El hecho de que la planta aún no estuviera funcionando fue un notable contratiempo para el gran plan que se le había ocurrido a Lawler. ¿Y ahora qué? ¿Debía acercarse y hablar con ellos de todas formas? ¿Dar el florido discursillo, suavizar a los gillies con un poco de noble retórica, continuar con el visionario impulso de aquella noche antes de que el alba lo despojara de lo que pudiese tener de plausible?

«En nombre de toda la comunidad humana de la isla de Sorve, yo, que como todos sabéis soy el hijo del fallecido y querido doctor Bernat Lawler que tan bien os sirvió en la epidemia de podredumbre de aletas, quiero felicitaros por la inminente consecución de vuestro ingenioso y magníficamente benéfico…»

«A pesar de que el cumplimiento de este espléndido sueño puede tardar quizá algunos días, he venido en nombre de toda la comunidad humana de la isla de Sorve a transmitiros nuestra más rotunda alegría ante las profundas implicaciones que traerá para la transformación de la calidad de vida de la isla que compartimos, ya que al fin habéis conseguido con éxito…»

«En este momento de regocijo de nuestra comunidad, el histórico logro que pronto será…»

Es suficiente, pensó, y comenzó a recorrer la distancia que lo separaba del promontorio de la planta energética.
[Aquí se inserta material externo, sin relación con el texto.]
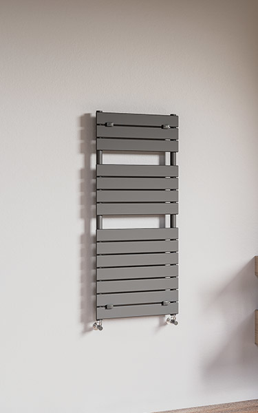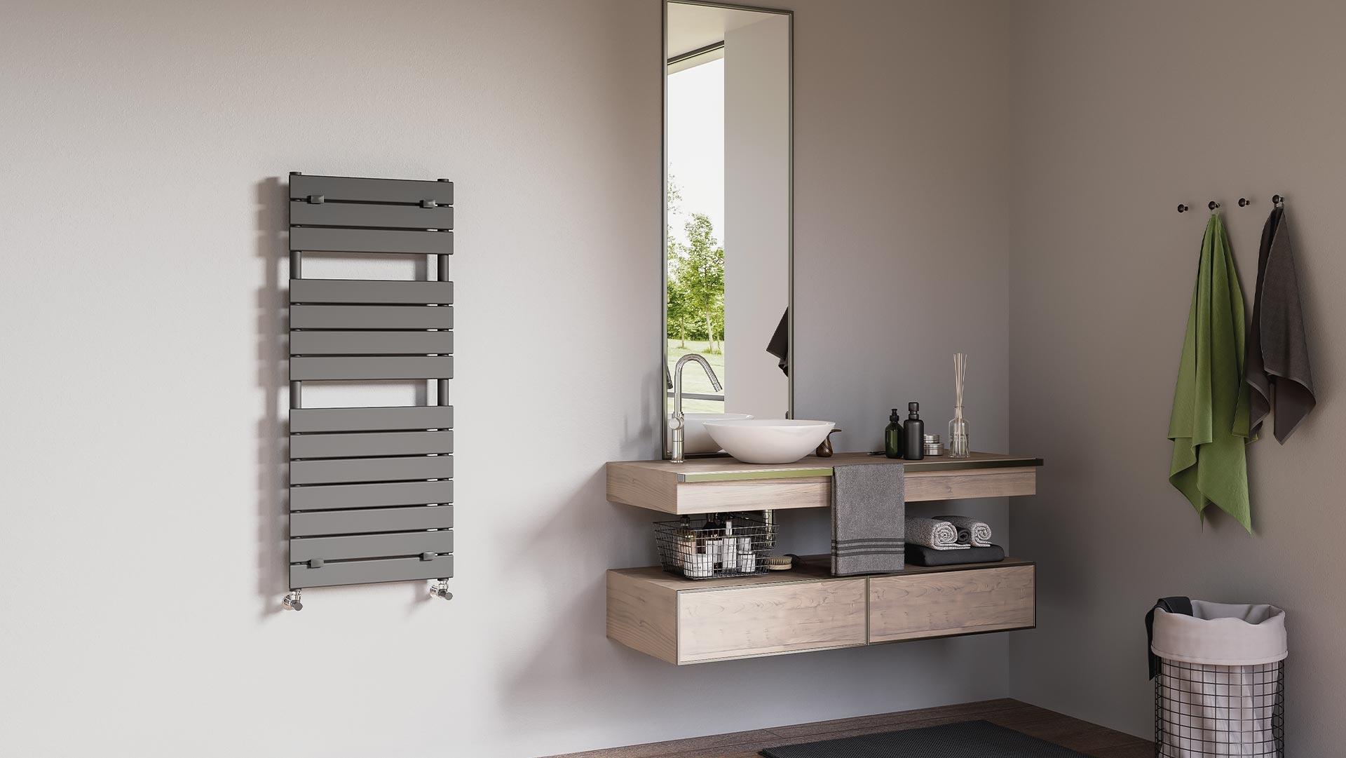 Handtuchtrockner fürs Bad aus Stahl mit runden Seitenkollektoren mit 35 mm Durchmesser und horizontalem geradem Flachrohr 70 x 11 mm, gelötet. Vier rechteckige Befestigungskonsolen.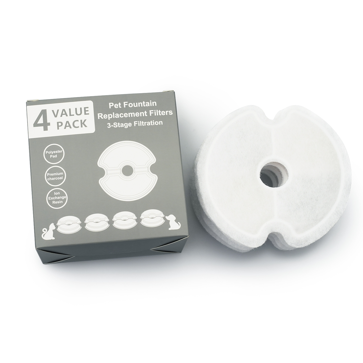 - [COMPOSITION MATERIAL]: Eachfountain filter is composed of acotton layer, activated carbon, and an ion-exchangeresin.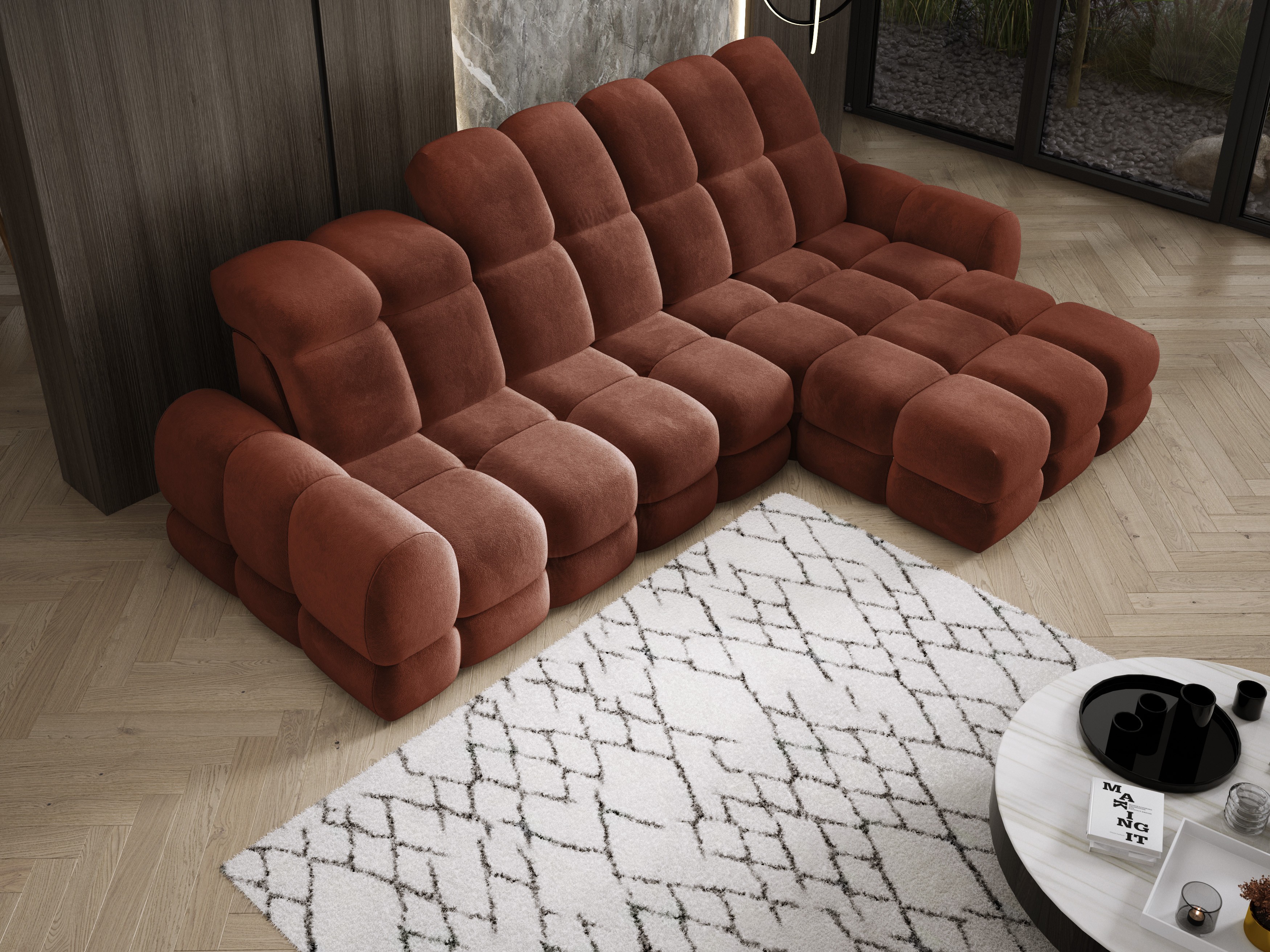 Model został wyposażony w elektrycznie rozkładaną funkcję spania, która w kilka chwil zamienia narożnik w komfortowe łóżko – idealne do codziennego relaksu lub dla gości.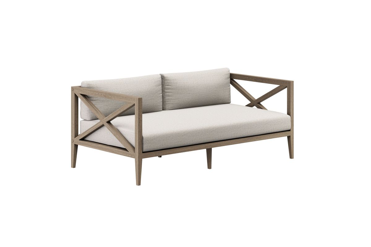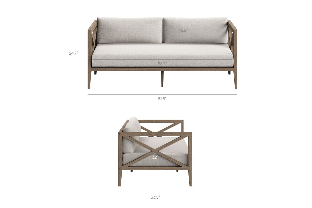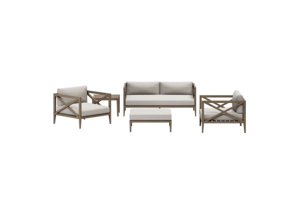 Soak in nature’s beauty with the Northlake 5-Piece Outdoor Furniture Set, featuring a sofa, two armchairs, a matching ottoman, and a side table. All crafted from durable teak, the sofa and armchairs are designed with distinctive cross-back frames for added support and a refined aesthetic, while the ottoman complements the set with a wide, seat and clean, modern look. All three seating pieces include plush, all-weather cushions that are water-resistant, fade-resistant, and quick-drying, providing year-round comfort. Slatted seat bases encourage airflow and lasting durability across the set. The coordinating square side table completes the layout with a smooth slatted top designed for quick drainage, offering a convenient surface for drinks, decor, or outdoor essentials. Perfect for patios, porches, decks, and garden lounges, this 5 piece patio set blends timeless craftsmanship with modern outdoor luxury. Includes non-marking floor glides for added protection. Assembly required.

Se preocupó de hacer mucho ruido al acercarse, tosiendo, golpeando las palmas de las manos entre sí, silbando una tonadilla disonante. A los gillies no les gustaba que los humanos se acercaran por sorpresa.

Estaba aún a unos quince metros de la planta energética, cuando vio que dos gillies salían a recibirlo, arrastrando los pies. En la oscuridad parecían titánicos. Se encumbraban muy por encima de él, sin forma definida en la oscuridad, con sus pequeños ojos amarillos que brillaban como linternas en sus cabecitas.

Lawler hizo una señal de saludo, un elaborado y exagerado gesto para que no quedara duda alguna de sus cordiales intenciones. Uno de los gillies le respondió con un vruuum prolongado y gruñente que no sonó nada cordial.

Eran criaturas erectas bípedas, de unos dos metros y medio de estatura, cubiertas con varias capas de cerdas flexibles y negras que colgaban en densas cascadas peludas. Tenían unas cabezas absurdamente pequeñas, unas estructuras curvas asentadas entre los anchos hombros desde los cuales sus torsos se combaban para formar unos cuerpos rechonchos y desgarbados que llegaban casi hasta el suelo. Los humanos daban en general por sentado que aquellos inmensos pechos cavernosos debían de contener el cerebro, además del corazón y los pulmones. De lo que no cabía duda era de que aquellas cabezas diminutas no tenían sitio para alojar aquel órgano.

Era muy probable que los gillies hubieran sido mamíferos acuáticos en otra apoca, cosa que se evidenciaba en la torpeza con la que se movían en tierra y la facilidad con que nadaban. Pasaban casi tanto tiempo en el agua como en tierra. Una vez Lawler había observado cómo un gillie atravesaba la bahía de un extremo a otro sin salir a respirar a la superficie; el recorrido debía de haber durado unos veinte minutos.